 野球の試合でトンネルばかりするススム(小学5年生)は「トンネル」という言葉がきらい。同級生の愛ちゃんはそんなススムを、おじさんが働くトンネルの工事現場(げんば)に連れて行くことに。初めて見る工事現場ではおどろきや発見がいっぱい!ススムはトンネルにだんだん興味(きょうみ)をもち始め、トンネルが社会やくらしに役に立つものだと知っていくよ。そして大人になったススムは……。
──────────────────────────────
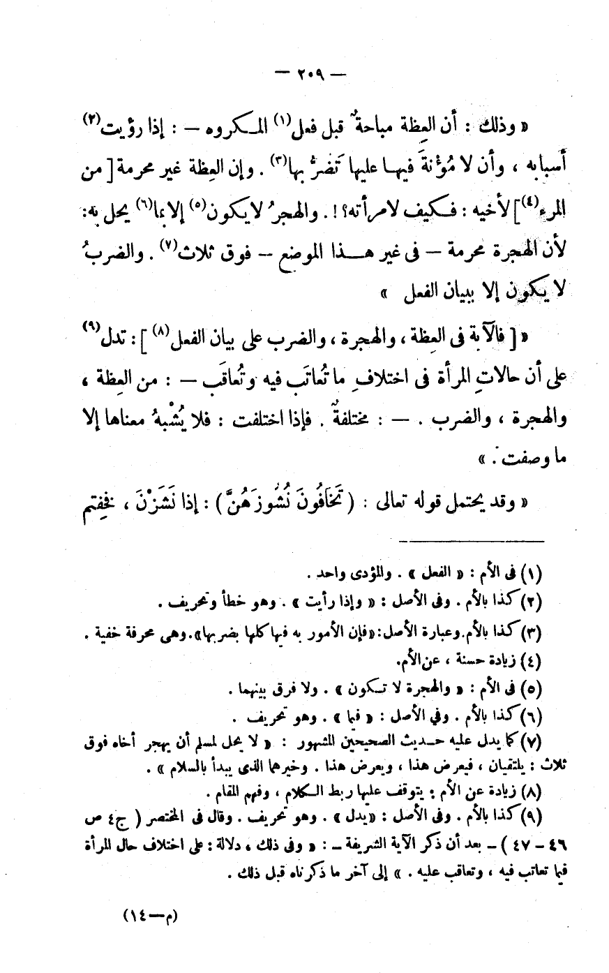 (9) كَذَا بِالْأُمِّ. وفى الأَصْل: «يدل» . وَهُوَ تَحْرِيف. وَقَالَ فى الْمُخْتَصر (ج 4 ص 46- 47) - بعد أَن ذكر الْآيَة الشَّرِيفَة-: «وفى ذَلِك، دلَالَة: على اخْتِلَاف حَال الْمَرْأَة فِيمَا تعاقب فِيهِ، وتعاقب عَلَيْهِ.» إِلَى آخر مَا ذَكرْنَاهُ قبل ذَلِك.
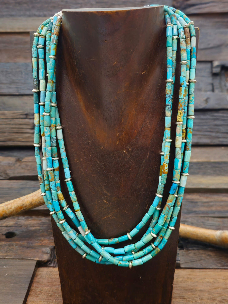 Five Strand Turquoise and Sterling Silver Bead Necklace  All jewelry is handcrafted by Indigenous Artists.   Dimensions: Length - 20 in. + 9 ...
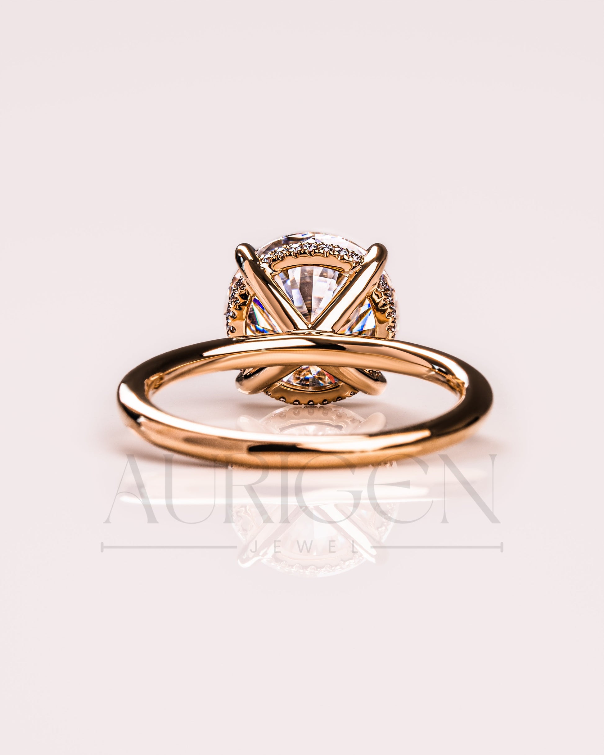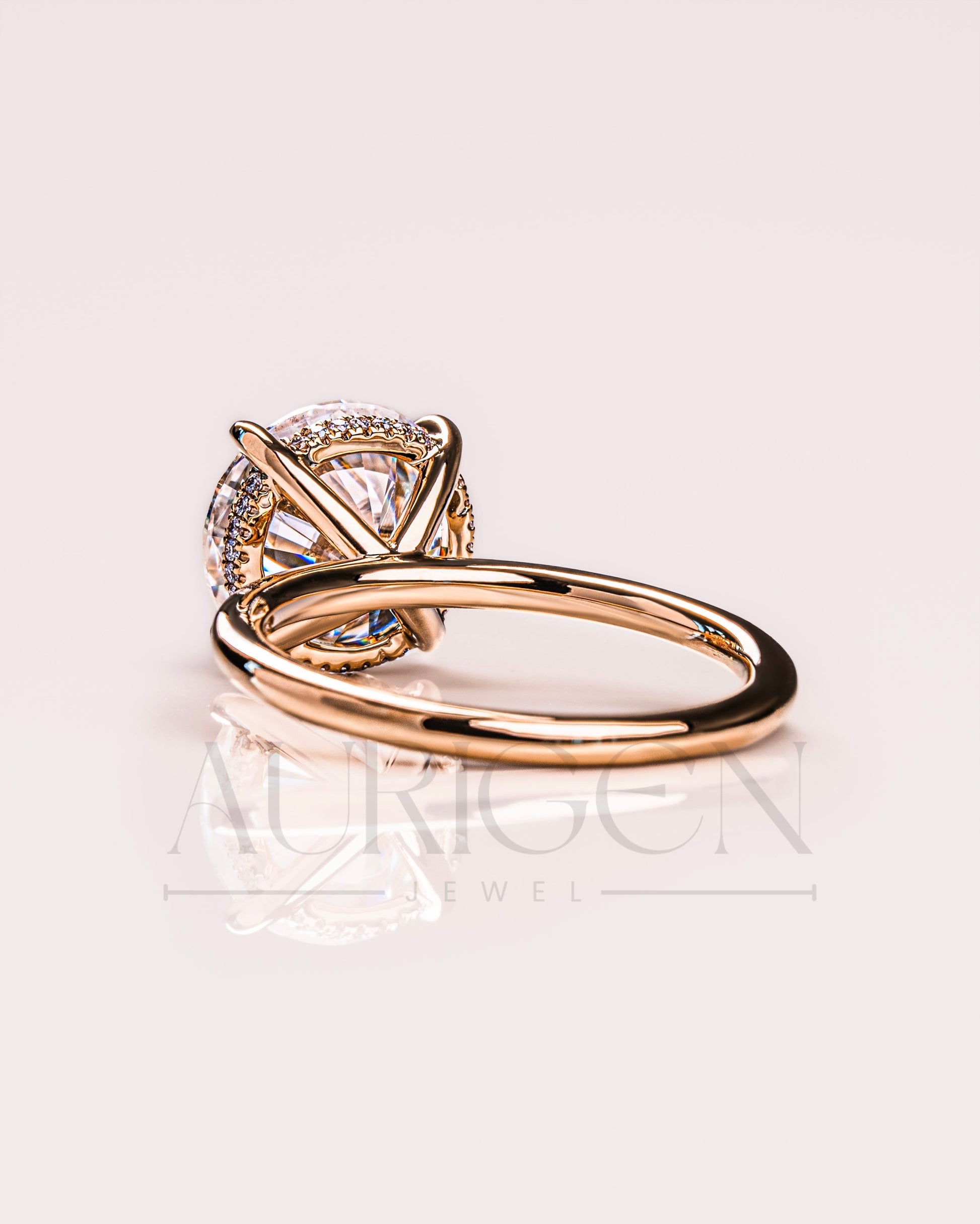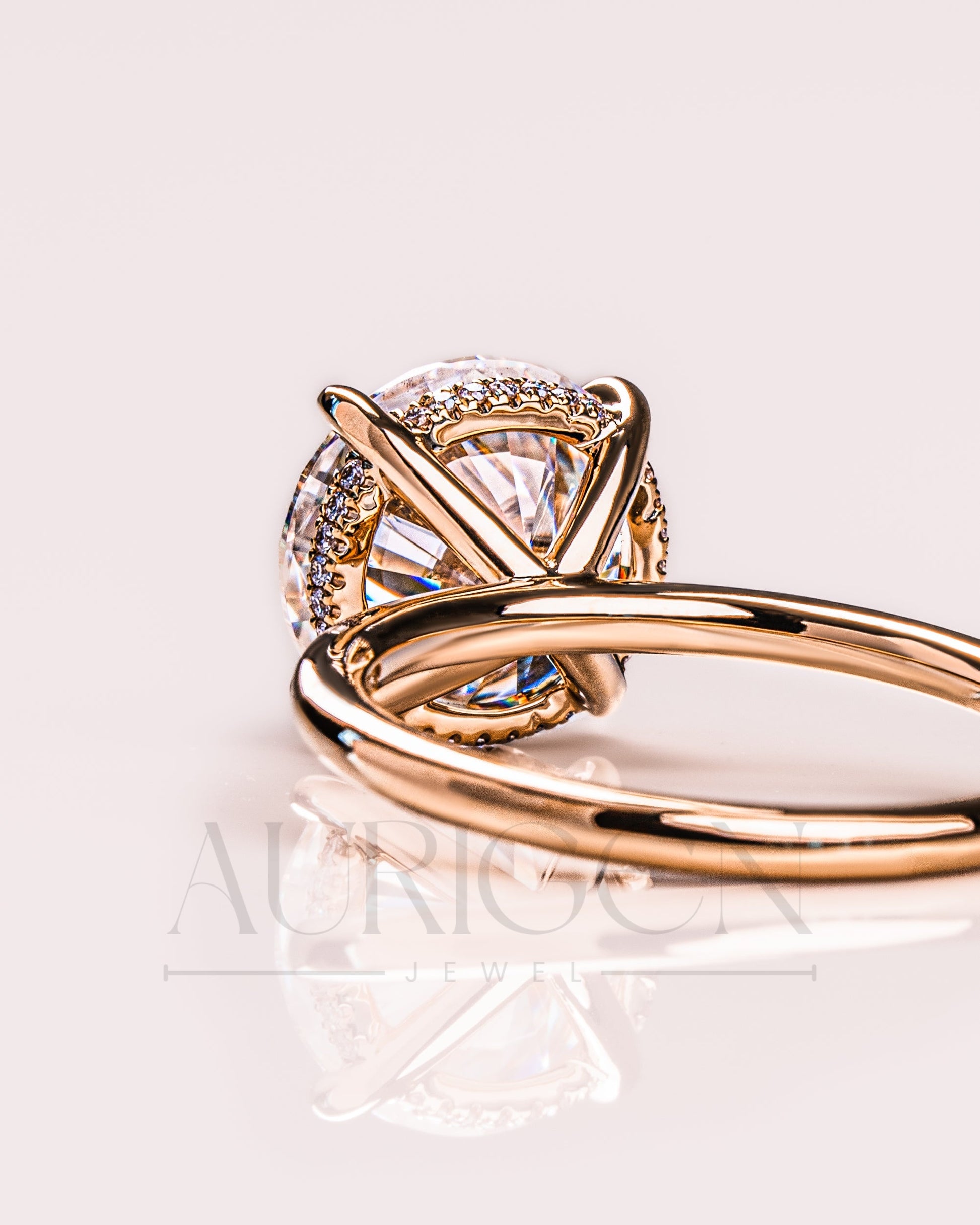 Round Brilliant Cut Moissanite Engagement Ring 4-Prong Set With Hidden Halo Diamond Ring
──────────────────────────────
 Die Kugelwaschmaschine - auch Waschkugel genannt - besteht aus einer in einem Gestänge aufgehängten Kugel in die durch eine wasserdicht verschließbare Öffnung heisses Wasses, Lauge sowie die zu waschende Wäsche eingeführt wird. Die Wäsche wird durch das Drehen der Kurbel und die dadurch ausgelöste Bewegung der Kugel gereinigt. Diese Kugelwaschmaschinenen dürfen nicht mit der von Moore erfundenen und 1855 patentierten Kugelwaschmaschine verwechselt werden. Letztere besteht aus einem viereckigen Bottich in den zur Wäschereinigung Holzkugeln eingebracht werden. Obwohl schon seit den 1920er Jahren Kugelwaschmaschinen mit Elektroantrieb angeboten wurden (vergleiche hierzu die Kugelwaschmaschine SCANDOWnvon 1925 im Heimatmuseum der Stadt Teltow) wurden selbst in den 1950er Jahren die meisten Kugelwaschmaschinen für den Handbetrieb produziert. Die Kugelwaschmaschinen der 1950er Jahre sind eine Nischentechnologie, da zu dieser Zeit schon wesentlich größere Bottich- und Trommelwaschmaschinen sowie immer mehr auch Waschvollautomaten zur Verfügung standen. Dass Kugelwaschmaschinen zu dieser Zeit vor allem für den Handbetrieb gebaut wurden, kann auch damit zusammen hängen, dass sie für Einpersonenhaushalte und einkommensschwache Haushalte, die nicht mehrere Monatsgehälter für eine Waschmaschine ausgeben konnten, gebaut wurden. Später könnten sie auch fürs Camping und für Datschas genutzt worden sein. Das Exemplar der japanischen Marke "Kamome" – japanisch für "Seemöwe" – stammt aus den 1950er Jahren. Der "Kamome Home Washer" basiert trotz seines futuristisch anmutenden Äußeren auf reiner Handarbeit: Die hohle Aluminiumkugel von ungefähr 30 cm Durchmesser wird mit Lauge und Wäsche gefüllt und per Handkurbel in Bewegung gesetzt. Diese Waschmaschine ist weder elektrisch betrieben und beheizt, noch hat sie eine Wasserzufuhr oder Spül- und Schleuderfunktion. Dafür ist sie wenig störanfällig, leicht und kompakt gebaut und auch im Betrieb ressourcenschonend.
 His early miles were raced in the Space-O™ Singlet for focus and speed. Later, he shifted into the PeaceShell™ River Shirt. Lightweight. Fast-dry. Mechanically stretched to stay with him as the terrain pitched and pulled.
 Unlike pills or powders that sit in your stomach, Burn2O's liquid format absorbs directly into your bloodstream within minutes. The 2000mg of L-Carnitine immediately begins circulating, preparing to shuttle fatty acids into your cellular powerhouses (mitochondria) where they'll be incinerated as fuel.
──────────────────────────────
Copy out, in full, each line above that has the word "into" in it.

Solution =
 His early miles were raced in the Space-O™ Singlet for focus and speed. Later, he shifted into the PeaceShell™ River Shirt. Lightweight. Fast-dry. Mechanically stretched to stay with him as the terrain pitched and pulled.
 Unlike pills or powders that sit in your stomach, Burn2O's liquid format absorbs directly into your bloodstream within minutes. The 2000mg of L-Carnitine immediately begins circulating, preparing to shuttle fatty acids into your cellular powerhouses (mitochondria) where they'll be incinerated as fuel.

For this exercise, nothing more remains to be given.